→ PROBLEM TO SOLVE
Please reproduce the listing below exactly, leaving out every picture.

→ DATASET EXCERPT
┌──
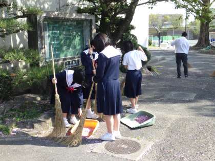 正門前の清掃を行っていました。おかげで、とてもきれいになりました。ありがとうございます。
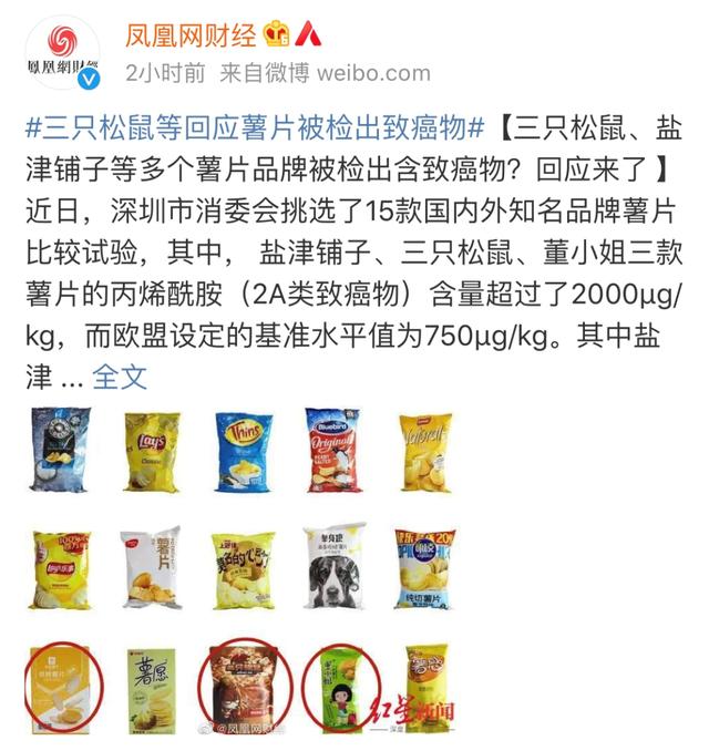 2020年10月29日,深圳市消费者委员会发布一份报告显示,在检测的15款国内外知名品牌薯片中,丙烯酰胺含量超过欧盟标准,且含量最高的品牌是盐津铺子、三只松鼠和董小姐三家。
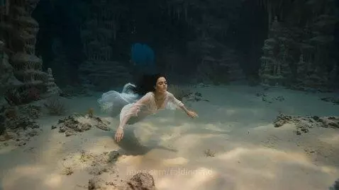 Seedance 2.0 Prompt: A mysterious woman drifts gracefully toward the ocean’s surface, her body suspended in the vast, ethereal depths of an underwater cave. As she ascends, shafts of golden light (God rays) pierce through the water, illuminating the scene with a soft, celestial glow. Tiny bubbles escape from her lips, rising in delicate trails. Her long hair flows weightlessly, caught in the gentle underwater current.Midway through her ascent, a breathtaking transformation begins—her legs subtly shimmer, dissolving into an elegant mermaid
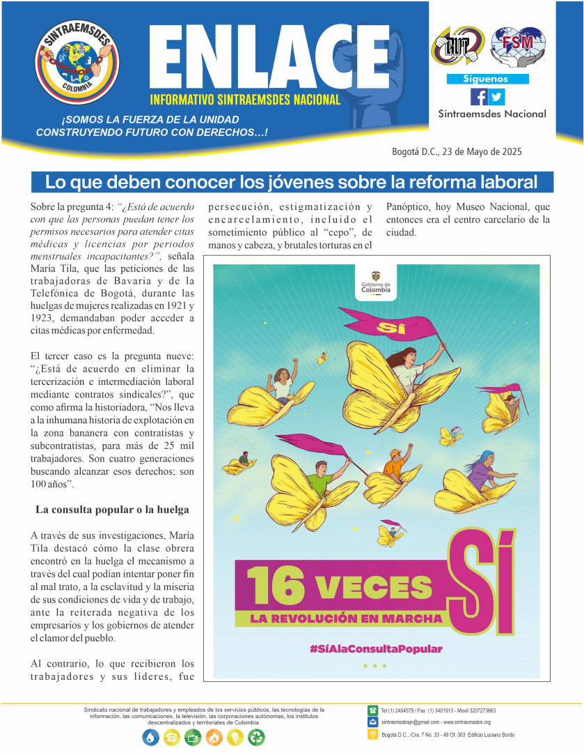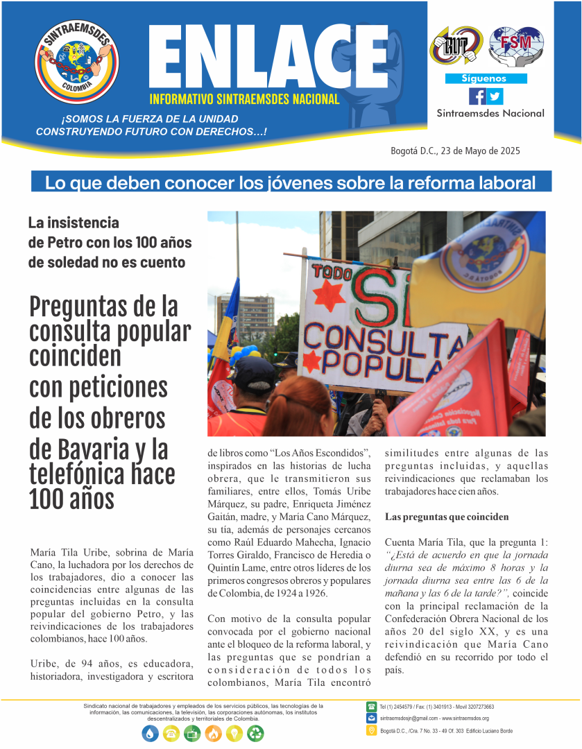 Con motivo de la consulta popular convocada por el gobierno nacional ante el bloqueo de la reforma laboral, y las preguntas que se pondrían a consideración de todos los colombianos, María Tila encontró similitudes entre algunas de las preguntas incluidas, y aquellas reivindicaciones que reclamaban los trabajadores hace cien años.
└──
→ RESPONSE AREA
 正門前の清掃を行っていました。おかげで、とてもきれいになりました。ありがとうございます。
 2020年10月29日,深圳市消费者委员会发布一份报告显示,在检测的15款国内外知名品牌薯片中,丙烯酰胺含量超过欧盟标准,且含量最高的品牌是盐津铺子、三只松鼠和董小姐三家。
 Seedance 2.0 Prompt: A mysterious woman drifts gracefully toward the ocean’s surface, her body suspended in the vast, ethereal depths of an underwater cave. As she ascends, shafts of golden light (God rays) pierce through the water, illuminating the scene with a soft, celestial glow. Tiny bubbles escape from her lips, rising in delicate trails. Her long hair flows weightlessly, caught in the gentle underwater current.Midway through her ascent, a breathtaking transformation begins—her legs subtly shimmer, dissolving into an elegant mermaid
 Con motivo de la consulta popular convocada por el gobierno nacional ante el bloqueo de la reforma laboral, y las preguntas que se pondrían a consideración de todos los colombianos, María Tila encontró similitudes entre algunas de las preguntas incluidas, y aquellas reivindicaciones que reclamaban los trabajadores hace cien años.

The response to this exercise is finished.